* [Task objective] In this exercise, print only the lines of the records below from the one with "移动工作人员全力应对特大暴雨保通信畅通" through the one with "1. kép: Ötgyermekes", inclusive. Pictures are not part of the copy.

━━━━━ Input data ━━━━━

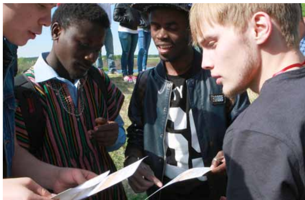
Их подружила Тюмень
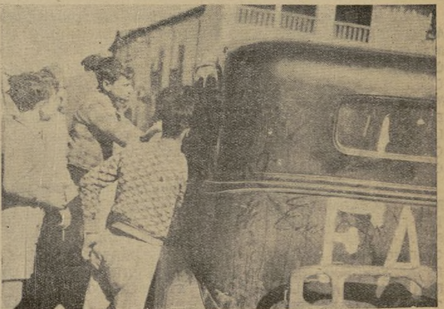
1. Grupo de milicianos mostrando algunos trofeos de guerra.—2. En un descanso nuestros combatientes leen con avidez la Prensa que se les envía.—3. Obreros agrícolas de la zona de guerra, después de recibir la Prensa libertaria.—4. La juventud de un pueblecito castellano del frente asalta alegremente nuestro coche en demanda de Prensa
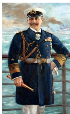
Slika 12. Car Vilim II.
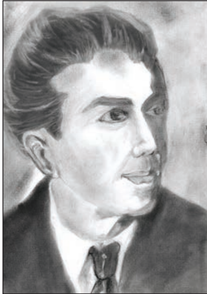
دانشجوی شهید بزرگ‌نیا
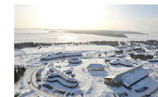
Aerial view of Oujé-Bougoumou town centre (Tourism Office/Post Office, Chiisemandoo-Miichwahp, Nation Headquarters, and Aanischaumkamikw Cree Cultural Institute).
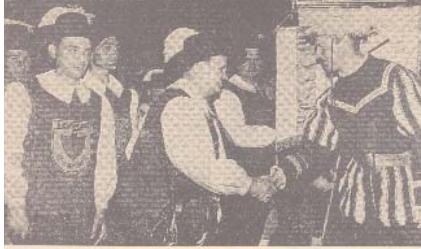
HISTORISCHE UNIFORMEN und die Bezeichnung „Leutrum-Garde“ nach dem größten Burgherrn der Liebeneck erblickt der vor „den Jahren gegründete Würmer Spielmannszug am Samstag beim nächsten Kreis-Treffen der Spielmannszüge. Bei der Standartenweihe stand der Goldstadt-Fanfarenzug Patz. Auf seinem Bild gestaltet ein Pforzheimer Kreis-Spielmannszug (rechts) den neu eingekleideten Würmer Spielmannszug.

Zwischenzeitlich spielten auch die ersten Mädchen im Spielmannszug mit. Mit der Eingliederung der Gemeinde Würm in die Stadt Pforzheim zum 01.09.1971, verbunden mit dem Übergang der Freiwilligen Feuerwehr in die Gesamtwehr der Stadt wurde aber dies mitunter zum Problem und führte -neben anderen Ursachen- zur freundschaftlichen Trennung zwischen Spielmannszug und Feuerwehr im Jahre 1972.
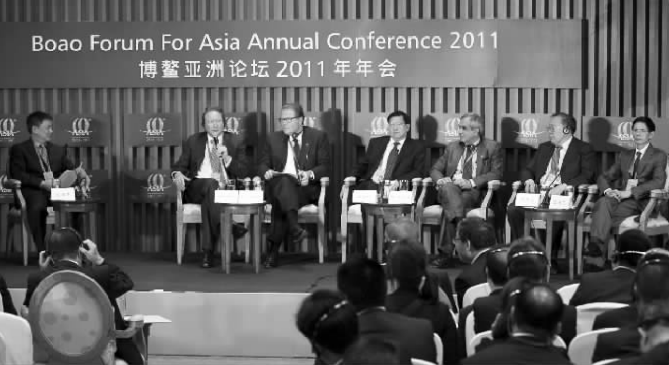
4月15日，年会分论坛“包容性发展：健康、有序的增长”在国际会议中心一层东屿宴会厅A举行。本报记者 张杰 摄

曾培炎指出，过去的全球化，包括我们的科技革命，虽然带来了文明和进步，但是并没有消除全球仍然存在的贫困和发展差距。因此下一步亚洲各国和世界各应该共同推动包容性发展。他从四个方面阐述了包容性发展的理解。他强调，我们在同一条船上，因此大家要同舟共济，把博鳌亚洲论坛建成一个促进亚洲和全球包容性发展的良好平台。
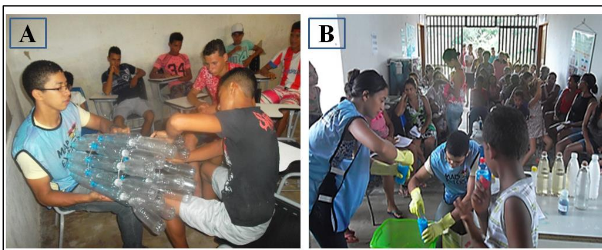
Figura 5. Realização de oficina para confecção de objetos através de matérias descartáveis oriundo do lixo na U. E. Taboca Matão, do projeto mais extensão no município de Aldeias Altas, MA. A - Montando um cesto de lixo por meio de garrafas pets e B - Confecção de sabão pela comunidade.

Nas oficinas para jovens e adultos, foram construídas vassouras e poltronas provenientes de materiais produzidos de lixo doméstico com garrafas pets e bolsas utilizando caixas de leite. Posteriormente ocorreu a fabricação de desinfetante e sabão caseiro de coco pela reutilização de óleo provenientes do uso das cozinhas ( Figura 5 A-B ). Ao término foi realizado sorteio de um kit de reagentes químicos para fabricar desinfetante e outro kit para fabricar sabão caseiro, e distribuídos recipientes com desinfetantes e barras a comunidade ( Figura 6 )
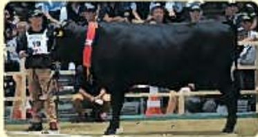
肉用牛(黒毛和種) ※全国和牛能力共進会チャンピオン牛(第1区(若雄))
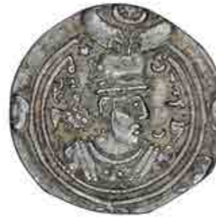
تصویر ۸ نماد چهار ماه همراه با ستاره بر سگه‌دوره ساسانی (مجموعه موزة ملک)

بنا به روایت مینوی خرد، ماه و خورشید اساساً برای روشن سازی جهان و رشد دادن به همه زاییدنی‌ها و رویدنی‌ها و در دست داشتن روز و ماه و سال و تابستان و زمستان و بهار و پاییز و... است (قلی زاده، ۱۳۸۸، ۳۷۶) در سگه‌های ساسانی چهار ماه چهار سوی سگه دیده می‌شود
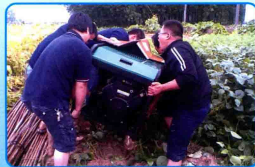
移动工作人员全力应对特大暴雨保通信畅通
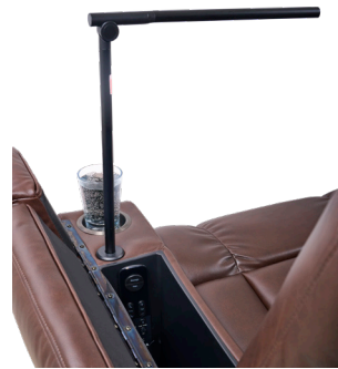
Port d'alimentation + lampe de lecture LED
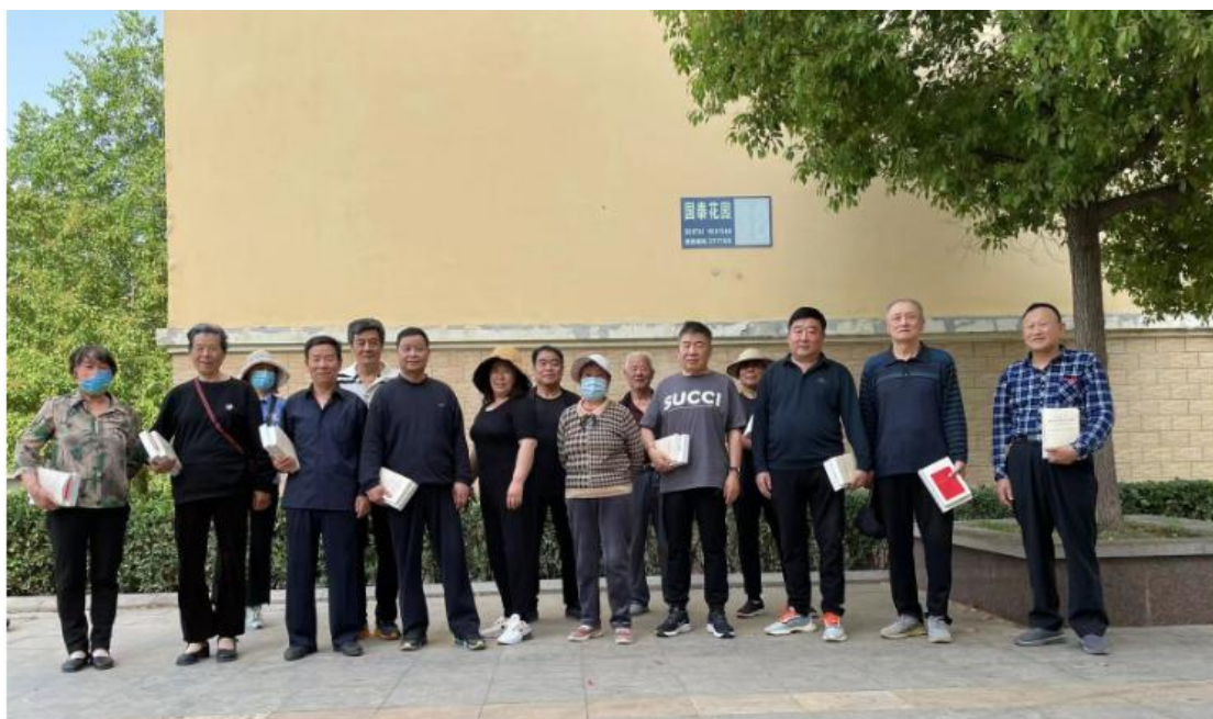
“送学上门”暖人心，“银发学员”不掉队

“党旗永不褪色，夕阳发挥余热”是离退休第二党支部的特色。党支部结合实际情况，创新形式，以推动文化养老和健康养老为目标，积极推动离退休教职工社团组织建设，通过社团活动，增强组织凝聚力，提高组织生活的吸引力和实效性。离退休第二党支部积极组织参与体育养生协会、棋牌协会、书画协会、乒乓球协会、合唱协会 5 个老年社团，离退休教职工八段锦培训活动、“庆国庆、话重阳”银发乐享够级象棋比赛等老干部喜闻乐见的活动，丰富老同志的业余文化生活。支部履行全心全意为人民服务的宗旨，强化“以人为本”的观念和服务意识，密切联系群众，对个别党员因病因事不能集中参加的，开展“送学上门”，增强了党员对党组织的归属感，确保每一位党员理论知识学习不漏学、不掉队“不缺课”“不漏学”“不掉队”“全覆盖”，解决离退休老党员年老体弱、学习困难的问题。
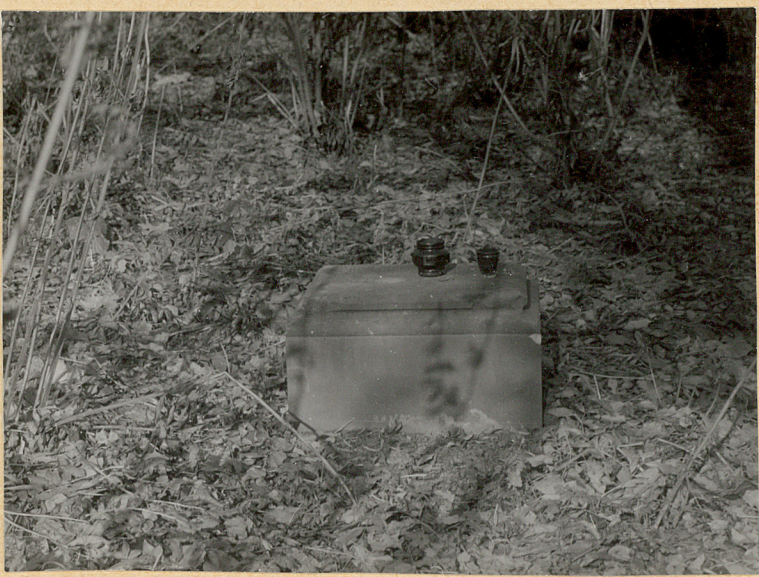
6. Pozostałości nagrobka we wschodniej części cmentarza.
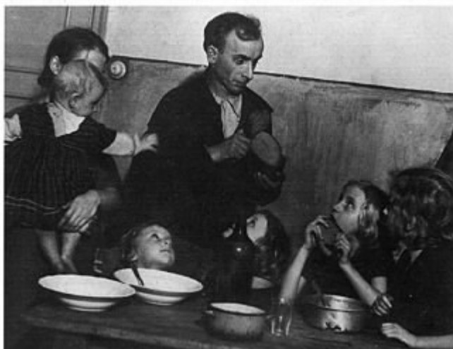
1. kép: Ötgyermekes óbudai munkáscsalád. (Escher, 2002)

sok, kubikusok és az uradalmi cselédek alkották. Az agrárproletárok száma 1900 és 1910 között 4–4,5 millió volt, kétharmaduk időszaki munkás, napszámos, egyharmaduk cseléd. A földmunkások külön csoportban tömörültek, az idénymunkásokkal együtt a munkássághoz tartoztak, összekötő kapcsot alkottak az ipari munkásság és a falusi szegények között (Romsics, 1999. 11–78. o.).
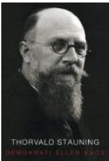
Demokrati eller kaos - en biografi
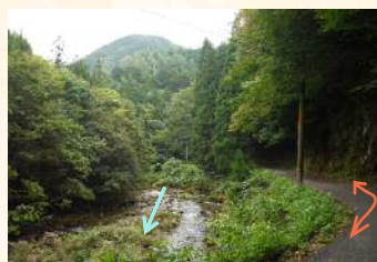
木材運搬の昔(左の佐波川)と今(林道)奥は滑山国有林
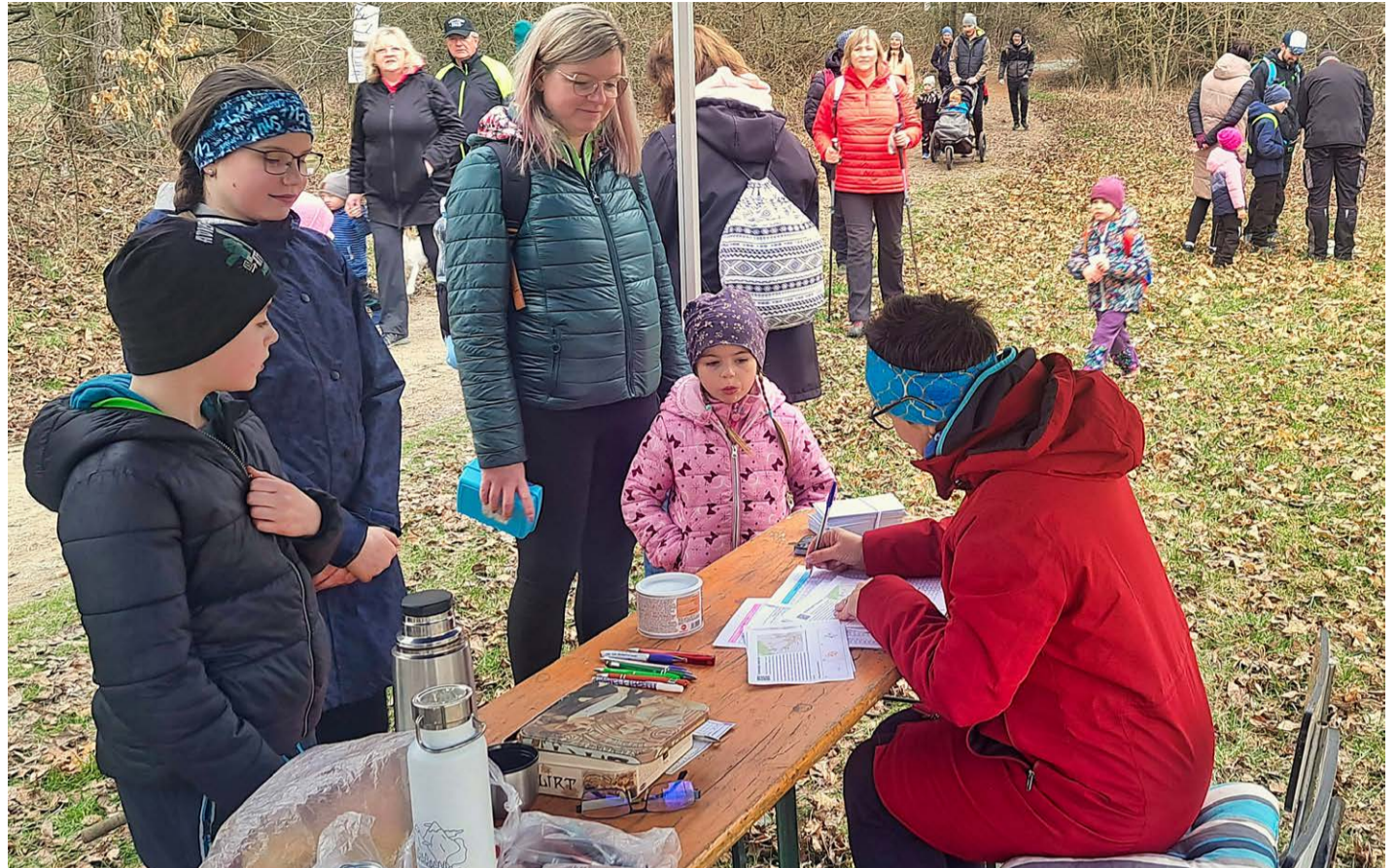
První ročník turistického pochodu Šustrek okolím Kralovic se uskutečnil v sobotu 21. března. Pořadatelé z domácího TOM Šikulové a dalších organizací zaregistrovali na trasách 6,1, 10,3 a 17,6 km celkem 207 účastníků.
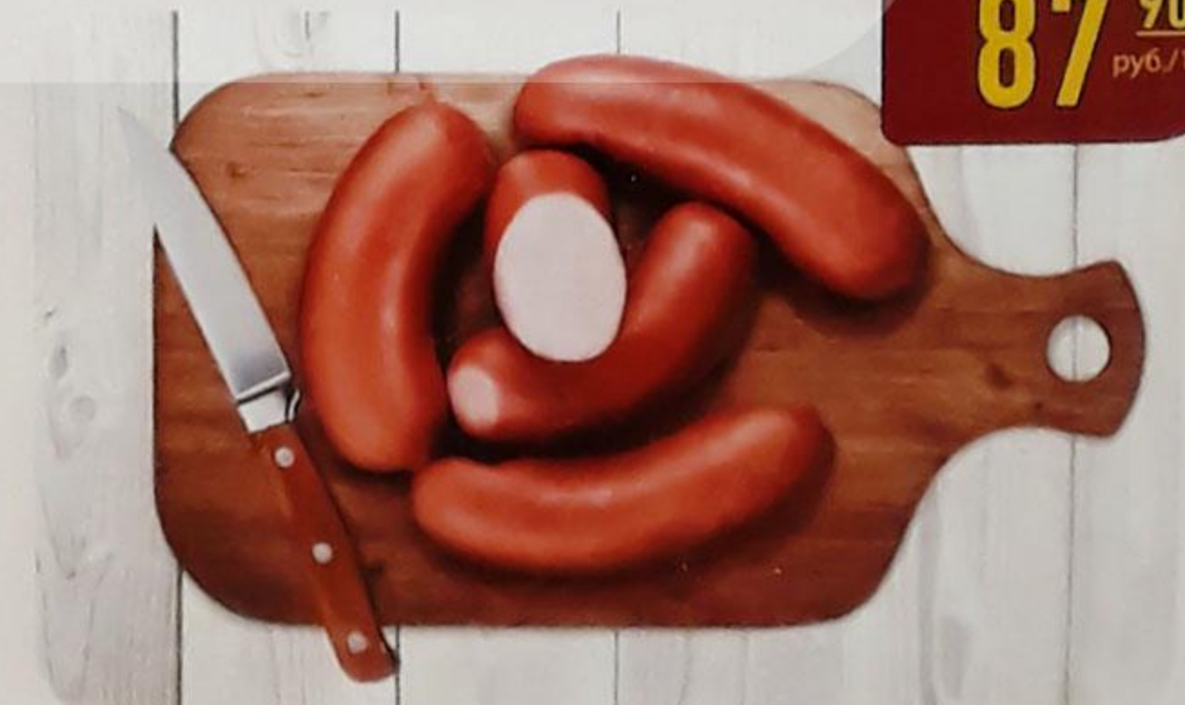
САРДЕЛЬКИ «РУБЛЁВСКИЕ» ГОВЯЖЬИ-ЛЮКС
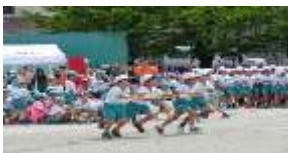
3年ミラクルハリケーン
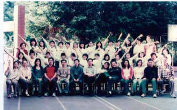
基隆市復興國小第六十九屆應屆畢業生合影留念 96年6月

━━━━━

* [Response for this exercise]
移动工作人员全力应对特大暴雨保通信畅通
Port d'alimentation + lampe de lecture LED
“送学上门”暖人心，“银发学员”不掉队

“党旗永不褪色，夕阳发挥余热”是离退休第二党支部的特色。党支部结合实际情况，创新形式，以推动文化养老和健康养老为目标，积极推动离退休教职工社团组织建设，通过社团活动，增强组织凝聚力，提高组织生活的吸引力和实效性。离退休第二党支部积极组织参与体育养生协会、棋牌协会、书画协会、乒乓球协会、合唱协会 5 个老年社团，离退休教职工八段锦培训活动、“庆国庆、话重阳”银发乐享够级象棋比赛等老干部喜闻乐见的活动，丰富老同志的业余文化生活。支部履行全心全意为人民服务的宗旨，强化“以人为本”的观念和服务意识，密切联系群众，对个别党员因病因事不能集中参加的，开展“送学上门”，增强了党员对党组织的归属感，确保每一位党员理论知识学习不漏学、不掉队“不缺课”“不漏学”“不掉队”“全覆盖”，解决离退休老党员年老体弱、学习困难的问题。
6. Pozostałości nagrobka we wschodniej części cmentarza.
1. kép: Ötgyermekes óbudai munkáscsalád. (Escher, 2002)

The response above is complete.